● **Requirement**: In the records below, repeat word for word only the lines starting at the one that contains "这三个分支可以相互协作生成t" and ending at the one that contains "The Penny Farthing", pictures excluded.

● **Data to process**:
○ ○ ○ ○ ○ ○ ○

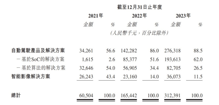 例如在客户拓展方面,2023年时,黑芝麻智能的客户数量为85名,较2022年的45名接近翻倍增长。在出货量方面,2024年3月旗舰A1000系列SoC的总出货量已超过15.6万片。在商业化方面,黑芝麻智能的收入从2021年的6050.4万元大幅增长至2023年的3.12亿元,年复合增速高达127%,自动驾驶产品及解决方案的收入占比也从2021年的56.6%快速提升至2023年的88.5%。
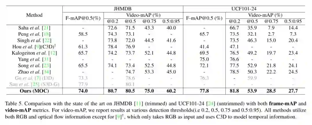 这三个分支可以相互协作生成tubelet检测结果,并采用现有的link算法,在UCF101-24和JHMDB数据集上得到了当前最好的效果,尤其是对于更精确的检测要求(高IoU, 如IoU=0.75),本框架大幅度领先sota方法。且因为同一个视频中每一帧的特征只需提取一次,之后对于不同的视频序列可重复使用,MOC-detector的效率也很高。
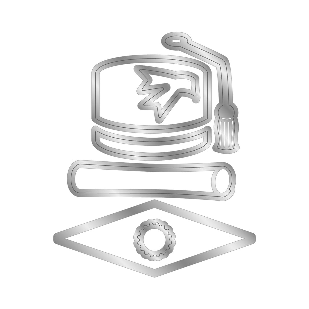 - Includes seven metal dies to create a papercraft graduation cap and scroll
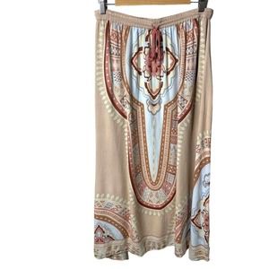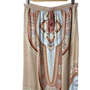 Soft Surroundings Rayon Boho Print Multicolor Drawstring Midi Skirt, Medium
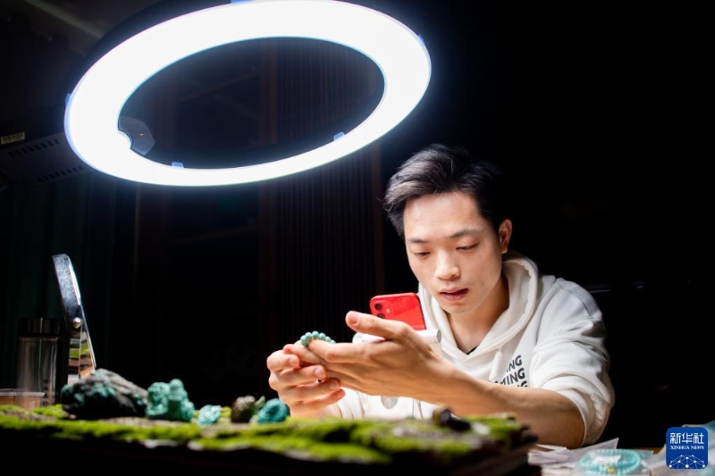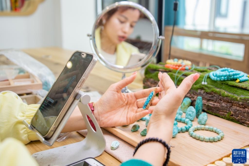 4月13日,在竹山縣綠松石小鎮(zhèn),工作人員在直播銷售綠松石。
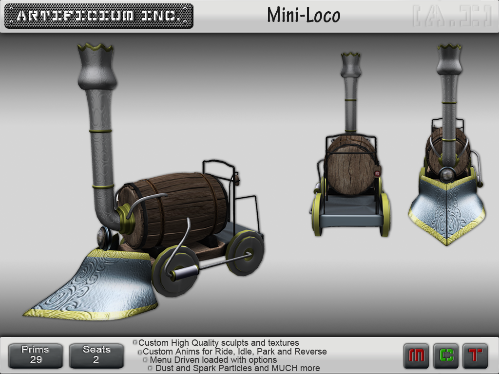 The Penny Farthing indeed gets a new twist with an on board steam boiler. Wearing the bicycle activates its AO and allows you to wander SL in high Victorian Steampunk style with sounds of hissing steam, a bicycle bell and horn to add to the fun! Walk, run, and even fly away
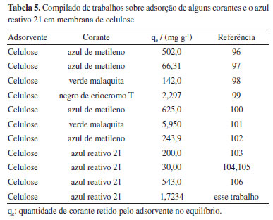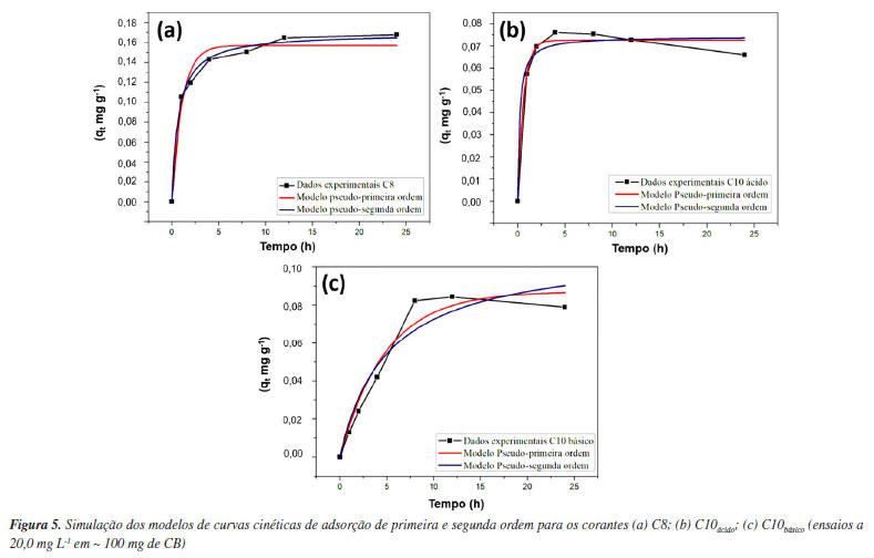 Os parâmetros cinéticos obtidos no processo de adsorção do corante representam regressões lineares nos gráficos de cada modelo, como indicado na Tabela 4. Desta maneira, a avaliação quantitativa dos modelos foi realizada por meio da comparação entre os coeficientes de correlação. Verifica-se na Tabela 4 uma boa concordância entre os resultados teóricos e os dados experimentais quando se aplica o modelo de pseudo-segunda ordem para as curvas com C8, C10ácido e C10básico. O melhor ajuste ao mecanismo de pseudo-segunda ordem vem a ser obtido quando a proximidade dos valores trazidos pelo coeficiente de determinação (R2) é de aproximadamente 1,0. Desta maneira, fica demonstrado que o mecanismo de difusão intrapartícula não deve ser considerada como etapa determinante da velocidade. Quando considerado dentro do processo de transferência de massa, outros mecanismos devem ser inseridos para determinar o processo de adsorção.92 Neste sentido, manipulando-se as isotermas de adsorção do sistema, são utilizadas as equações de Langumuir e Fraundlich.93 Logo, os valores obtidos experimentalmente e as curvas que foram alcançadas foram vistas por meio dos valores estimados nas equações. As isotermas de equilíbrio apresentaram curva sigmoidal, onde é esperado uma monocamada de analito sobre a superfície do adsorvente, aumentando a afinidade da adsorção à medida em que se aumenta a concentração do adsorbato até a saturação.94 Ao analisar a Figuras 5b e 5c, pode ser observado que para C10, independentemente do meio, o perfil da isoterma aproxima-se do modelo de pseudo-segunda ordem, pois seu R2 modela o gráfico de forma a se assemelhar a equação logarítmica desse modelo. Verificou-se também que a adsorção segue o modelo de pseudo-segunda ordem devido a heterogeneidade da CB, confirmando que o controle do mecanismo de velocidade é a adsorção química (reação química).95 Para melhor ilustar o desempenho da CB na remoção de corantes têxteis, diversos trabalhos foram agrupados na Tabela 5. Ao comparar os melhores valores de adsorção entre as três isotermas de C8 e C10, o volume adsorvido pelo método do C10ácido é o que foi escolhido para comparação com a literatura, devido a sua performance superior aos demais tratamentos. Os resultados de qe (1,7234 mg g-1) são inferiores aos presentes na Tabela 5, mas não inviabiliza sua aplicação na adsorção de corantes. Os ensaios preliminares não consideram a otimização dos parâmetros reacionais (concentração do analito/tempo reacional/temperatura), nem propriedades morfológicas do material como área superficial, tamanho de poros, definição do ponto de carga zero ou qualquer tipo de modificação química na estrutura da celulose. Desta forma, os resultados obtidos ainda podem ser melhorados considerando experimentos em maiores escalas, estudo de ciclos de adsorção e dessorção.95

○ ○ ○ ○ ○ ○ ○

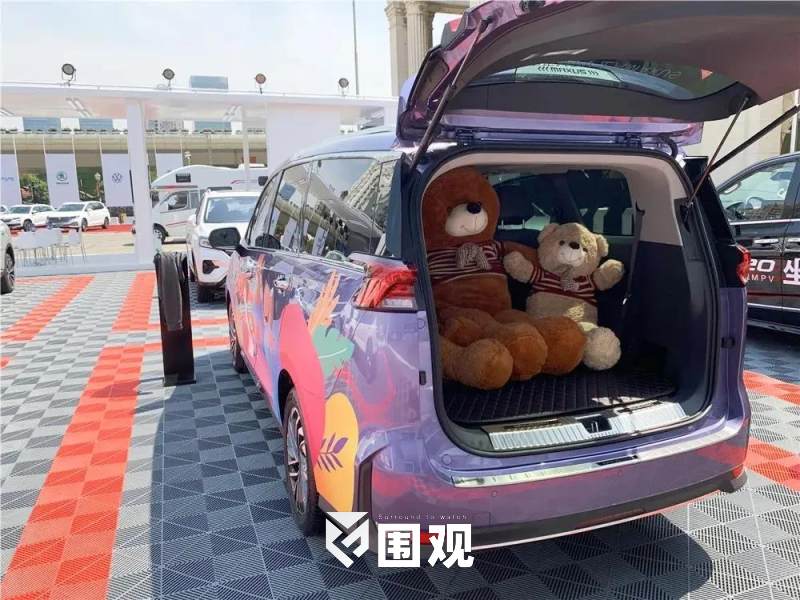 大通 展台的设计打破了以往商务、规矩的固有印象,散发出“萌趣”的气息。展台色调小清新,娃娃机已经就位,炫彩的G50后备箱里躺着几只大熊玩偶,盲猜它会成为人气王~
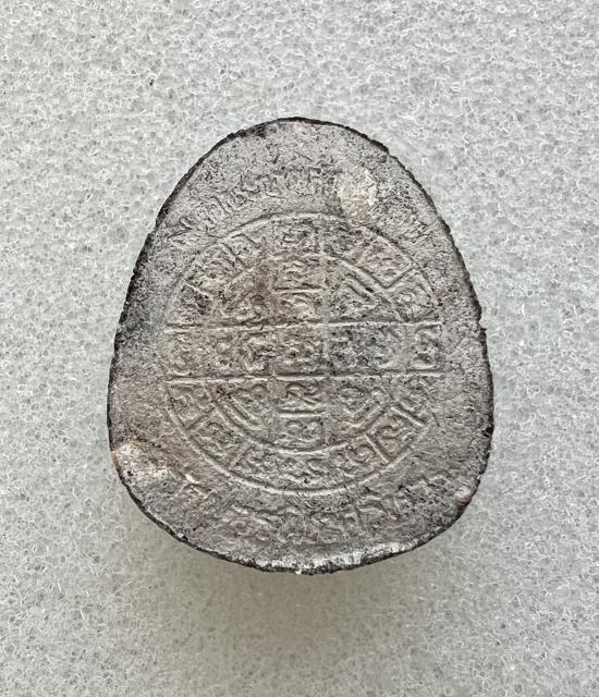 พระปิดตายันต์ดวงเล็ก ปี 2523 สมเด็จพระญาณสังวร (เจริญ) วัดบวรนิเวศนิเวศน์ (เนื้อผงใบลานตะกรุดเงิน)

○ ○ ○ ○ ○ ○ ○

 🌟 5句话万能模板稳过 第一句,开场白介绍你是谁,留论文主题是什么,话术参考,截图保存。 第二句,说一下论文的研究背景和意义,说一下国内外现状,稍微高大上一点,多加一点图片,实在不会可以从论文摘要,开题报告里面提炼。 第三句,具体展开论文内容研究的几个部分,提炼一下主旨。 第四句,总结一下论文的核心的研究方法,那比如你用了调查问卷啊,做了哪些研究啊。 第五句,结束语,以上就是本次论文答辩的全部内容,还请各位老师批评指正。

○ ○ ○ ○ ○ ○ ○

● **Task output**:
 这三个分支可以相互协作生成tubelet检测结果,并采用现有的link算法,在UCF101-24和JHMDB数据集上得到了当前最好的效果,尤其是对于更精确的检测要求(高IoU, 如IoU=0.75),本框架大幅度领先sota方法。且因为同一个视频中每一帧的特征只需提取一次,之后对于不同的视频序列可重复使用,MOC-detector的效率也很高。
 - Includes seven metal dies to create a papercraft graduation cap and scroll
 Soft Surroundings Rayon Boho Print Multicolor Drawstring Midi Skirt, Medium
 4月13日,在竹山縣綠松石小鎮(zhèn),工作人員在直播銷售綠松石。
 The Penny Farthing indeed gets a new twist with an on board steam boiler. Wearing the bicycle activates its AO and allows you to wander SL in high Victorian Steampunk style with sounds of hissing steam, a bicycle bell and horn to add to the fun! Walk, run, and even fly away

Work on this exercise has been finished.